Die Empfehlungen wurden im Rahmen einer digitalen Fachveranstaltung von Expert*innen der Fachgesellschaften vorgestellt. Wichtig sei vor allem das konsequente und kontinuierliche Screening, im besten Fall aller Patient*innen ab 65 Jahren oder mindestens aller Patient*innen mit einer bestehenden Demenz-Diagnose. Krankenhäuser sollten interdisziplinär und interprofessionell für ihr Haus geeignete Verfahren erarbeiten. Die Veranstaltung wurde 2023 von der Geschäftsstelle Nationale Demenzstrategie begleitet und nachbereitet.
Multimodale Ansätze im Projekt PAWEL
Grundlage der Empfehlungen sind unter anderem die Ergebnisse des vom Gemeinsamen Bundesausschuss (G-BA) geförderten Projekts PAWEL (Patientensicherheit, Wirtschaftlichkeit und Lebensqualität: Reduktion von Delirrisiko und POCD (Postoperative kognitive Dysfunktion) nach Elektivoperationen im Alter).
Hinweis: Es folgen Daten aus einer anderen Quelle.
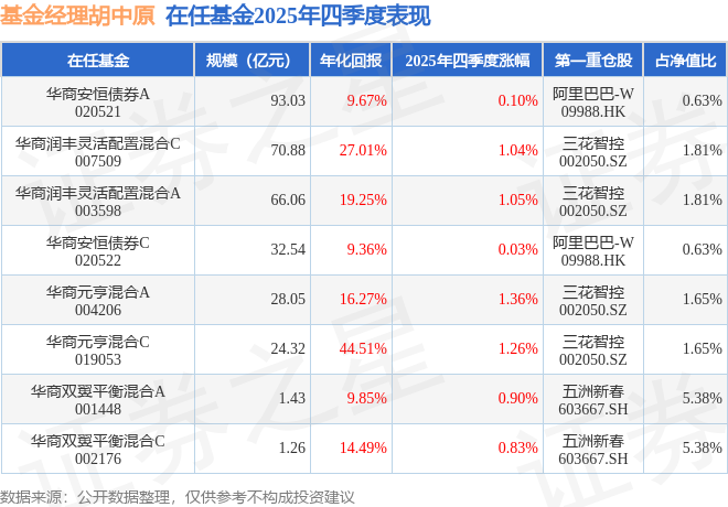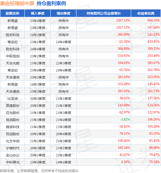 胡中原管理的华商润丰灵活配置混合A基金在23年4季度买入新易盛,已连续持有2年又0个季度。持有期间的估算收益率为694.16%,持有期间新易盛在2023年到2025年的中报归属净利润增幅达1267.12%。
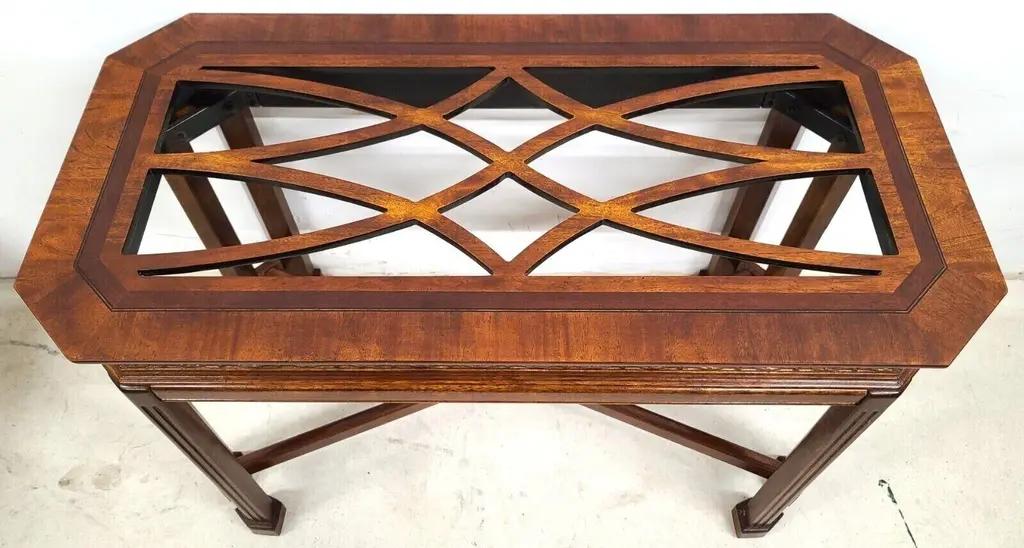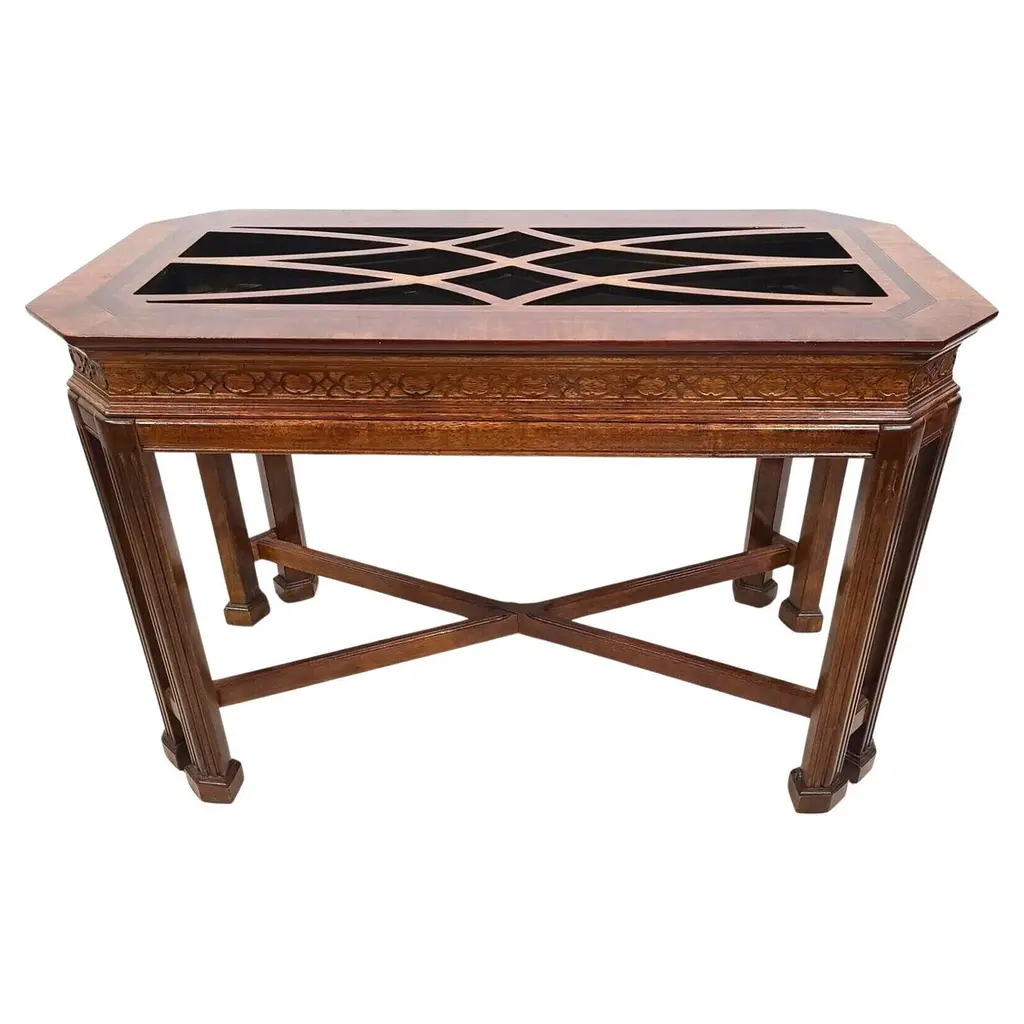 Offering One Of Our Recent Palm Beach Estate Fine Furniture Acquisitions Of A Vintage Console Dining Table Base by UNIVERSAL FURNITURE This is a very strong and well-built piece capable of supporting a large, heavy piece of glass. It was originally acquired as a dining table with a 72" x 42" piece of glass which is still available with local pickup only. It would also work well as a console or sofa table. Approximate Measurements In Inches 29" high x 22" deep x 42.75" wide Condition In good, structurally sound, and sturdy condition with no notable damage. The photos are an important part of the item description and condition so please use the zoom feature to view them closely. We have many other similarly styled furniture pieces listed. To see them, click on "Palm Beach Home Furnishings" below, where you can also follow us and be notified whenever we post new items. We appreciate your business and will do everything possible to make sure you are a happy customer. Local pickup and delivery are available.

Forschende untersuchten im Jahr 2021 die Wirksamkeit von Screening-Verfahren zur Vorbeugung eines Delirs nach Operationen. Das Hauptaugenmerk des Projekts lag auf der mehrteiligen Intervention, die einen sektorübergreifenden, multimodalen Ansatz zur Prävention und Behandlung von Delirien verfolgt. Durch diese konnten im Studienverlauf 80% der Postoperativen Delirien (POD) korrekt vorhergesagt werden. Sie reduzierte zudem die Delirprävalenz um 33%.
Qualitätsverträge als Instrument der Delirprävention
Zusätzlich eröffnen Qualitätsverträge nach § 110a SGB V Krankenhäusern und Krankenkassen die Möglichkeit, gezielt Maßnahmen zur Delirprävention zu vereinbaren und diese für eine festgelegte Zeit zu erproben. Seit 2017 zählt die Prävention des postoperativen Delirs bei älteren Patient*innen zu den vom G-BA ausgewählten Leistungsbereichen. In der aktuellen Erprobungsphase bis 2028 soll geprüft werden, inwiefern sich durch solche Anreizsysteme die Versorgungsqualität im Klinikalltag steigern lässt.
Im Mittelpunkt steht, das Delirrisiko durch strukturierte Abläufe wie engmaschige Beobachtung, Orientierungshilfen, frühe Mobilisation und den Erhalt kognitiver Fähigkeiten systematisch zu reduzieren. Besonders profitieren Menschen ab 65 Jahren sowie Personen mit kognitiven Einschränkungen oder bestehender Demenz, also Gruppen, die ein hohes Delirrisiko aufweisen. Damit unterstützen die Qualitätsverträge unmittelbar eine bessere stationäre Versorgung von Menschen mit Demenz und stärken die Delirprävention als festen Bestandteil der Behandlung. Aktuell bestehen bundesweit 21 Qualitätsverträge zwischen 41 Krankenkassen und 18 Krankenhäusern (Stand: 13. November 2025). Eine Übersicht bietet der G-BA online an.